Если шёл он с тобой, как в бой… На вершине стоял хмельной…Значит, как на себя самого… Положись на него…
Я полез за пазуху. Встал на одно колено и протянул ей коробочку:
— Бандитка моя, выходи за меня замуж!
Её грудь, что только что вздымалась как кузнечные меха, замерла.
Она смотрела на меня, широко открыв глаза.
— Оно же было у меня… Ты украл моё кольцо?
Она открыла рот от возмущения. Схватила коробочку. Открыла.
— Я же сказал: кое-что украдём, — я улыбнулся: — Это «да»?
— И мы… — она перевела взгляд на стену.
«Запасной ключ на стойке администрации ресторана «MOZART» — гласил трафарет.
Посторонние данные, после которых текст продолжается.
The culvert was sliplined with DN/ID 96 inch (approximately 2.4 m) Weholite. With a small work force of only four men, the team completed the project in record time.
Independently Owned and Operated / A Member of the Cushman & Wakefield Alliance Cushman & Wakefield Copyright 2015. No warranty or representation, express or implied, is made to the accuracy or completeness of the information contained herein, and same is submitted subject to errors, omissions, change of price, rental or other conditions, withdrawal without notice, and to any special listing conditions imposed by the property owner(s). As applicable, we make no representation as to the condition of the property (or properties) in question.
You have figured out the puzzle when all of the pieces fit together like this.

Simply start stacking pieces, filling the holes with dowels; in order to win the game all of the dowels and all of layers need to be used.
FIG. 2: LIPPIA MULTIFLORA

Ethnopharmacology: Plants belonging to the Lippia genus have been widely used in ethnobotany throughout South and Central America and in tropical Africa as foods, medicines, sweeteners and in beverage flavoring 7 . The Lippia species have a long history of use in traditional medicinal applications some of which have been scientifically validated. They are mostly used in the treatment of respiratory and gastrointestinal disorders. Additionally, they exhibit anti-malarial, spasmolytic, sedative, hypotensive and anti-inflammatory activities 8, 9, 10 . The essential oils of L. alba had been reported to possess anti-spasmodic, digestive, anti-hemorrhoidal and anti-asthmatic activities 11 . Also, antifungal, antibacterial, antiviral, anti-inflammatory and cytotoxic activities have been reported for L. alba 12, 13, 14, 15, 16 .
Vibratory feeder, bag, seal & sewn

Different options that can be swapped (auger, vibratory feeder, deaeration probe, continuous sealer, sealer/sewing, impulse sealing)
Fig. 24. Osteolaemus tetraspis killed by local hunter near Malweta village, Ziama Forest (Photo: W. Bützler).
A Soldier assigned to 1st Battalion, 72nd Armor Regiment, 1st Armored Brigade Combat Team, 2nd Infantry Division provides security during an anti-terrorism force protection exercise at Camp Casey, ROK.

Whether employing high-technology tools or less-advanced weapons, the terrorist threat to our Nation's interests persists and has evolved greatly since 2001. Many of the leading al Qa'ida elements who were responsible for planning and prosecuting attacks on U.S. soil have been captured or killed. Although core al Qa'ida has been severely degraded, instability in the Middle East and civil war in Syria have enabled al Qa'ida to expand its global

— Чёрт! Так я и знала! Ведь чувствовала какой-то подвох, — посмотрела она на меня укоризненно и вдруг… заплакала. Вот так резко после смеха к шоку, а теперь её глаза вдруг наполнились слезами, и она разрыдалась.
— Жень! — подскочил я, прижал её к себе, не зная, что сказать. — Жень, я…
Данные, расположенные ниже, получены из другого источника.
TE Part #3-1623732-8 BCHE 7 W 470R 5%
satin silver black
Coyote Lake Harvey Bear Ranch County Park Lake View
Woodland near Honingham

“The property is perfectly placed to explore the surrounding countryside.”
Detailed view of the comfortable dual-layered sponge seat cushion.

Она покачала головой. Подняла заплаканное лицо, чтобы посмотреть на меня. А потом подняла руку. На безымянном пальце красовалось кольцо с голубым камнем того же небесного оттенка, что её глаза.
— Это «да».
Один — один, моя вредина. Мы квиты!
— Такого предложения тебе точно не сделает никто. Теперь тебе есть что рассказать подружкам? Всё по-настоящему? — обнял я её ещё крепче.
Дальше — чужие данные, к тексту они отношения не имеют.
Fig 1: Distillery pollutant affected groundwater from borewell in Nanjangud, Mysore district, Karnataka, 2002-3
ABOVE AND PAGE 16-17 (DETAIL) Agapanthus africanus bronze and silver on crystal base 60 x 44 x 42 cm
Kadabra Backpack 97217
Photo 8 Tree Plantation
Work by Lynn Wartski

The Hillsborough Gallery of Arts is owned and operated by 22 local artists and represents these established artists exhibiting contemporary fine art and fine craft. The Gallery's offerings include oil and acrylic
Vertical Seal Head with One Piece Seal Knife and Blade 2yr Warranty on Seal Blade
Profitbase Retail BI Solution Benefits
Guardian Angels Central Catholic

— Ненавижу тебя! — упёрлась она лбом в мою грудь.
— Я знаю, — усмехнулся я.
Если бы ты знала, моя девочка, сколько раз я слышал это «ненавижу».
Вот если бы так же искренне ты сказала «люблю» …
Я тяжело вздохнул и погладил её по спине:
— Полетели домой.
— Господи, я ограбила офис! — вытирала она слёзы и сокрушалась всю дорогу до вертолёта: — Я ведь искренне верила, что я это сделала!
— Так ты это сделала, Жень!
— Не могу поверить, что ты меня уговорил! — толкнула она меня. — Не могу поверить, что я согласилась! Я — преступница!
— Ты моя невеста, — улыбнулся я, подсаживая её на сиденье. — Невеста Моцарта. И этим всё сказано.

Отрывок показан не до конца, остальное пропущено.